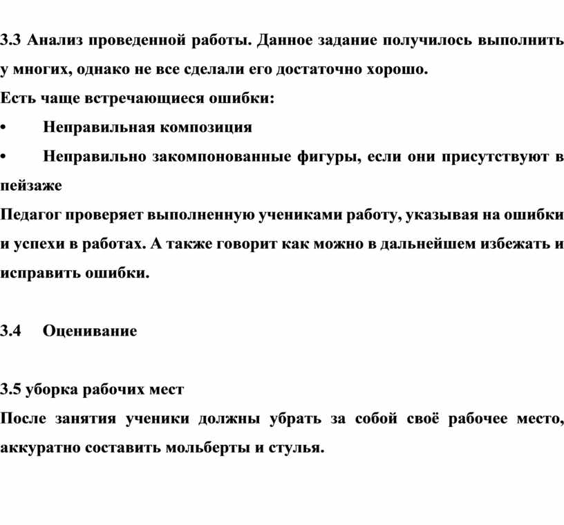 По окончанию работы дети выкладывают свои работы на пол. Ребята просматривают их на достаточном расстоянии. Важно, чтобы на просмотре присутствовала вся группа. Упоминается задача текущего урока и заданный объем работы. Учащиеся высказывают свое мнение. Завершающее слово педагога. Учитель смотрит на общий уровень проделанной работы и разбирает каждую работу по отдельности, затем выбирает лучшую, объясняя почему.
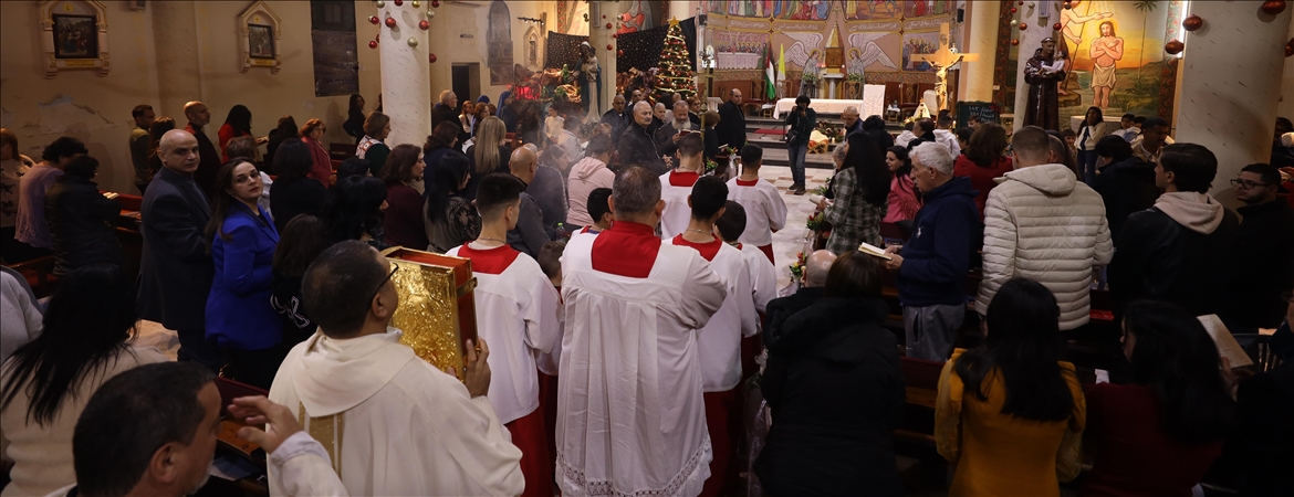 Gazze Şeridi'ndeki Filistinli Hristiyanlar, İsrail'in 2 yıl sürdürdüğü şiddetli saldırılarıyla büyük yıkıma yol açtığı Gazze'de Noel ayini düzenledi.
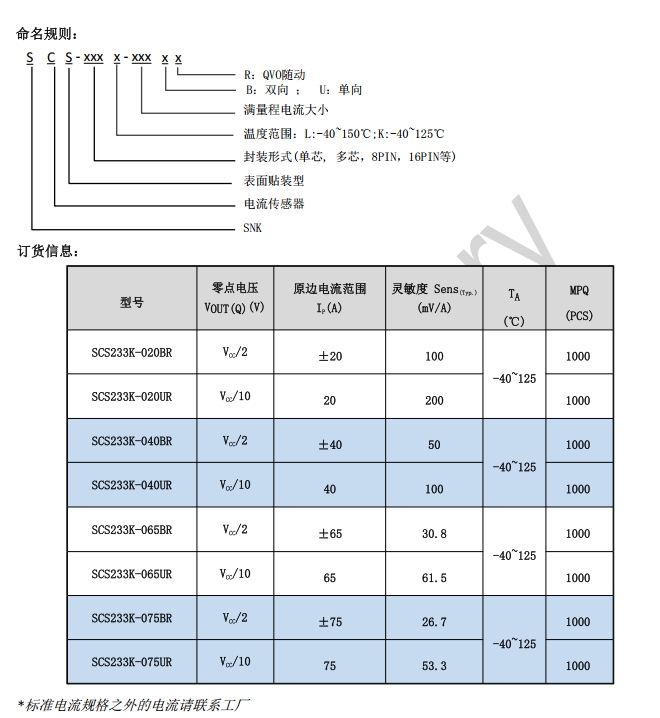 森尼克SCS233K系列電流傳感器各型號:SCS233K-020BR,SCS233K-020UR,SCS233K-040BR,SCS233K-040UR,SCS233K-065BR,SCS233K-065UR,SCS233K-075BR,SCS233K-075UR 對標替代美國Allegro電流傳感器有ACS732KLATR系列和ACS732KMATR系列,pin to pin國產替代如下具體Allegro型號:ACS732KLATR-20AB-T,ACS732KLATR-40AB-T,ACS732KLATR-65AB-T,ACS732KLATR-65AU-T,ACS732KLATR-75AB-T,ACS732KMATR-65AB-T,ACS732KMATR-75AB-T
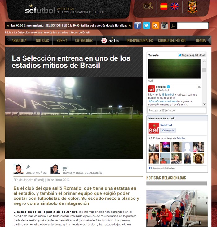 El mismo día de su llegada a Río de Janeiro, los internacionales han entrenado en el estadio de São Januário. Los titulares han realizado ejercicios de recuperación en la primera parte de la sesión y más tarde se han retirado al gimnasio de São Januário. Los que no participaron en el partido ante Uruguay han realizados rondos y han acabado jugado un partidillo a medio campo.
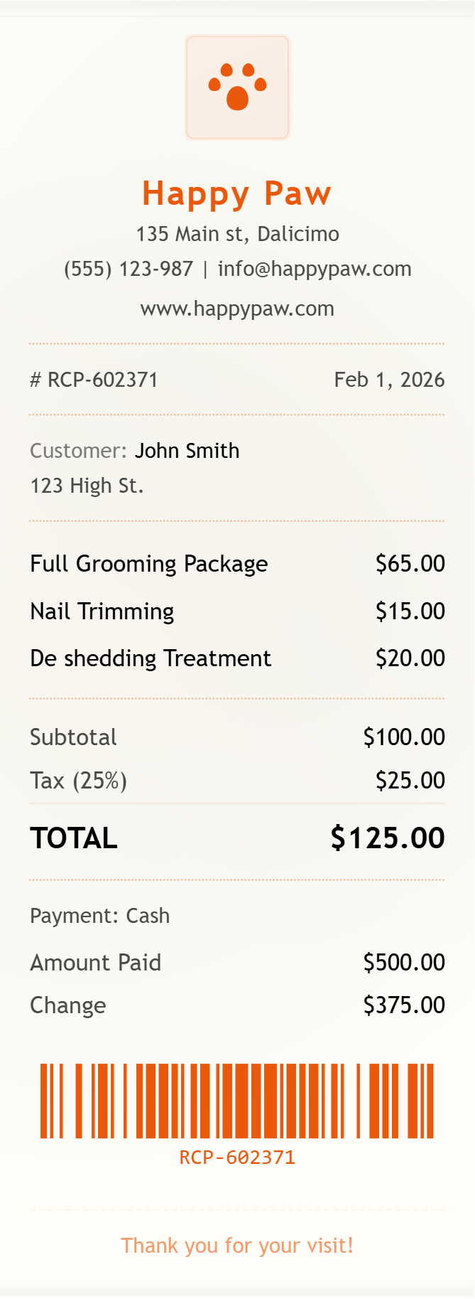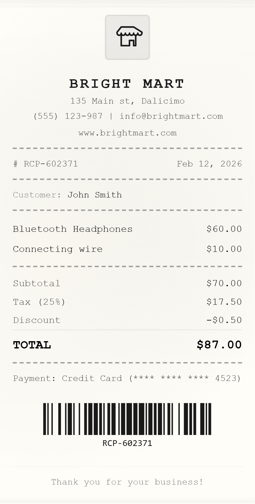 Our retail receipt templates include designs for popular stores and generic retail formats. Perfect for creating business receipts for product sales.
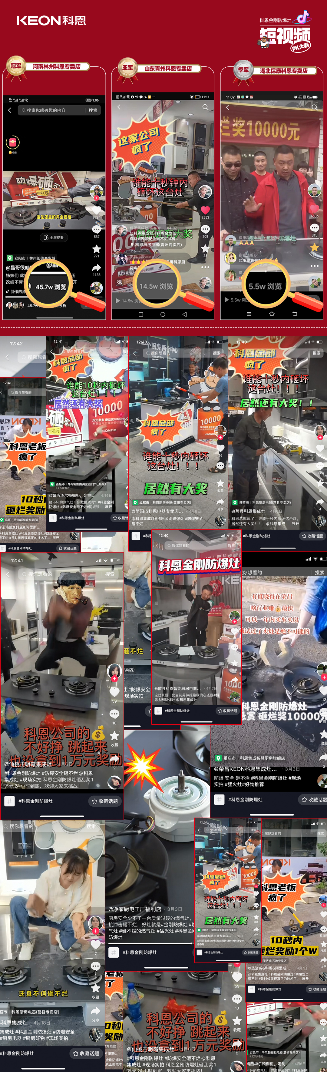 本次挑戰(zhàn)賽不僅掀起了科恩金剛防爆灶熱潮,更是讓經(jīng)銷(xiāo)商家人在挑戰(zhàn)賽中學(xué)習(xí)了如何通過(guò)新媒體推廣宣傳。在這其中,有質(zhì)疑的聲音、有信賴(lài)的聲音,同時(shí)也收獲了更多意向客戶(hù)。

_ _ _ _ _ _ _

Your objective
Apart from the pictures, repeat every entry exactly.

Response box
 По окончанию работы дети выкладывают свои работы на пол. Ребята просматривают их на достаточном расстоянии. Важно, чтобы на просмотре присутствовала вся группа. Упоминается задача текущего урока и заданный объем работы. Учащиеся высказывают свое мнение. Завершающее слово педагога. Учитель смотрит на общий уровень проделанной работы и разбирает каждую работу по отдельности, затем выбирает лучшую, объясняя почему.
 Gazze Şeridi'ndeki Filistinli Hristiyanlar, İsrail'in 2 yıl sürdürdüğü şiddetli saldırılarıyla büyük yıkıma yol açtığı Gazze'de Noel ayini düzenledi.
 森尼克SCS233K系列電流傳感器各型號:SCS233K-020BR,SCS233K-020UR,SCS233K-040BR,SCS233K-040UR,SCS233K-065BR,SCS233K-065UR,SCS233K-075BR,SCS233K-075UR 對標替代美國Allegro電流傳感器有ACS732KLATR系列和ACS732KMATR系列,pin to pin國產替代如下具體Allegro型號:ACS732KLATR-20AB-T,ACS732KLATR-40AB-T,ACS732KLATR-65AB-T,ACS732KLATR-65AU-T,ACS732KLATR-75AB-T,ACS732KMATR-65AB-T,ACS732KMATR-75AB-T
 El mismo día de su llegada a Río de Janeiro, los internacionales han entrenado en el estadio de São Januário. Los titulares han realizado ejercicios de recuperación en la primera parte de la sesión y más tarde se han retirado al gimnasio de São Januário. Los que no participaron en el partido ante Uruguay han realizados rondos y han acabado jugado un partidillo a medio campo.
 Our retail receipt templates include designs for popular stores and generic retail formats. Perfect for creating business receipts for product sales.
 本次挑戰(zhàn)賽不僅掀起了科恩金剛防爆灶熱潮,更是讓經(jīng)銷(xiāo)商家人在挑戰(zhàn)賽中學(xué)習(xí)了如何通過(guò)新媒體推廣宣傳。在這其中,有質(zhì)疑的聲音、有信賴(lài)的聲音,同時(shí)也收獲了更多意向客戶(hù)。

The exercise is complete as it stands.